21.4.10

My friend, cry for me. I am but an unborn catastrophe.


hmmmm...where to start today. I suppose I'll start by saying that I'm getting sick I think... Since those panic attacks, I've felt like shit. I think I stressed my heart out a bit too much. I had my heart rate at about 180 for all together, about 40 minutes. I think I might have damaged it more, or weakened it at least.
About 2 years ago, when I was first put on the transplant list, I felt so sick. I was emaciated and weighed 30lbs less than I do now. I was weak and tired and unhealthy.
Since last Thursday, I've felt like that again. Everything I eat makes me feel nauseous, and I'm full all the time. I feel sluggish and tired. My blood pressure is all kinds of funky and even bending over to play pool is making me feel lightheaded.
Egh. What to do.


The good (?) news is that at my parents, I recovered several old journals.
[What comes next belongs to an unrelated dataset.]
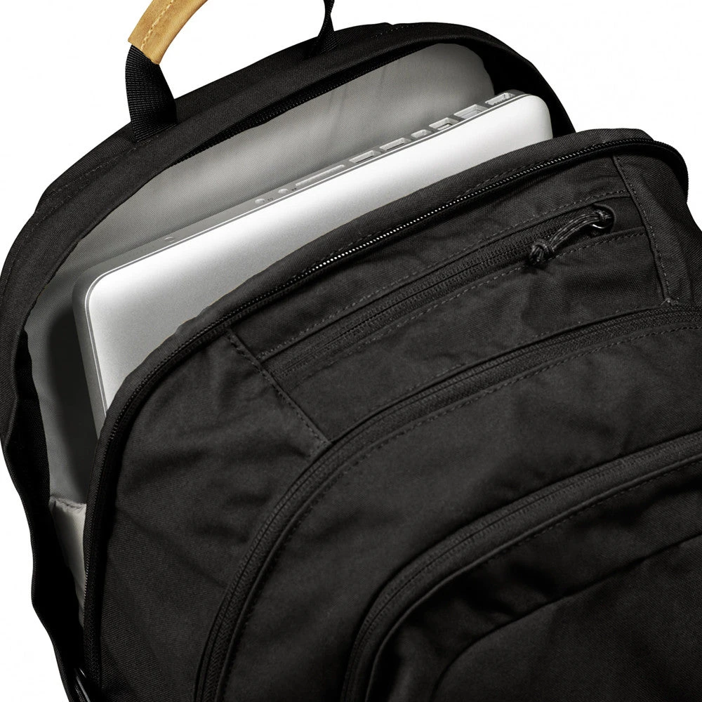 The simple design of the Räven 28L Backpack and its practical details make it perfect for commuting or everyday outings and day hikes. The main compartment is spacious with a zippered opening and a padded compartment for a laptop (up to 15 inches in size). A fleece-lined pocket with a zipper has room for sunglasses, a phone and there is also a zippered front pocket and two side pockets for drink bottles and other items you want to keep close at hand. Comfortable padded shoulder straps and foam frame sheet make for all day comfortable carry and the top handle is finished beautifully with a leather grip.
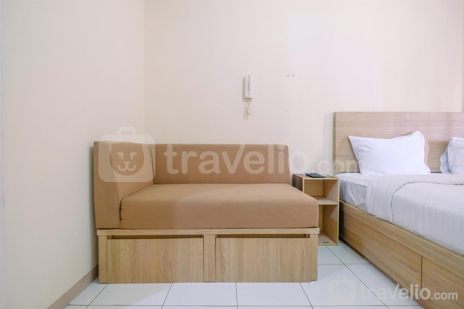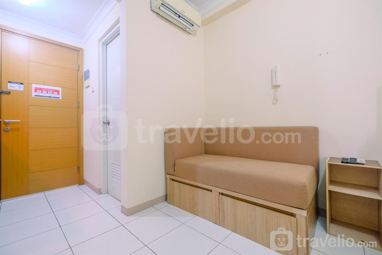 Ruangan apartemen ini berdesain minimalis. Unit apartemen di Travelio dapat disewa secara harian, bulanan, dan tahunan.

I shall now be sharing a tidbit of my choosing in every post from now on.
Hahaha.


From October, 2004, age 15:

Hey,
The other day, Mr.Yates (the principal) called me into his office to talk about the kind of music I listen to. He says it isn't appropriate for school...and for that matter it's not appropriate out of school, either. He then proceeded to give me a lecture (He actually "searched" my locker and listened to a CD Melissa gave me, and the one song he listened to was "Heretic Anthem" by Slipknot) He went on and on about how it said in the song, "I wanna be a sinner" Blah blah fuckity blah. Fuck him...he was like "you know that's worse than KISS?!". Then he said that I wonder why no ones parents will let their kids come over to me house. He said that he was very disappointed in me and that he hoped that in the future, I would remember that conversation and realize he was right.


I still think he's a fucking douchebag, and he was definitely wrong.